In a statement, Treasury CS Ukuru Yattani stated that the multibillion-shilling acquisition will yield positive results for both KCB and National Bank in order to support the bigger government agenda of strengthening the financial sector in Kenya.
“The Government as a shareholder has been engaged in the process. In our strategic role, we recognize the need for strong and stable banks for our fiscal responsibilities,” Yattani said.
He added that both KCB and NBK had already made a public announcement on the proposal to the merger and have engaged shareholders of NBK to swap their shares with KCB shares.
“All stakeholders including Parliament have been consulted. The government is confident that these engagements will yield positive results for banks involved and support the bigger government agenda of strengthening the financial sector in the country,” Yattani said.
During a Parliament session, The Finance and National Planning Committee asked NBK’s principal shareholders – the National Treasury (22.5 percent) and the National Social Security Fund (NSSF) (48.05 percent) to reject KCB’s offer to acquire 100 percent shareholding.
The committee argued that the takeover deal undervalues NBK and is not in the best interest of workers, taxpayers, NBK staff and minority shareholders.

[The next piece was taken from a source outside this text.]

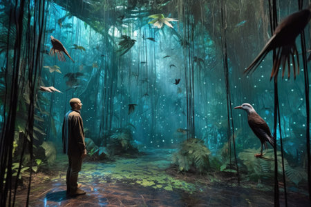 person, walking through virtual rainforest, with the sound of dripping water and birds singing, created with generative ai

KCB’s valued NBK at Sh6 billion against an independent valuation of Sh9 billion. In their recommendation, the MPs wants the Treasury to fund the lender amid warnings by Central Bank of Kenya (CBK) that failure to rescue NBK would lead to its collapse.
“NBK is a strong bank with good asset value. The only challenge facing it is that of core capital and the total risk: weighted assets ratio, which is 2.4 percent, below the minimum statutory requirement of 10.5 percent,” the MPs stated.
The Sh5.8 billion share-swap deal, is already open for acceptance by shareholders, with the offer expected to close at the end of this month, KCB is seeking to acquire NBK through 10 for one shares swap.
Market regulator, Capital Markets Authority said success or failure of the takeover is fully dependent on the shareholders of both KCB and NBK.
“It is then up to the NBK shareholders to accept or reject the offer. If the threshold for acceptance is not met then the offer fails but if it is met it is deemed successful,” it stated.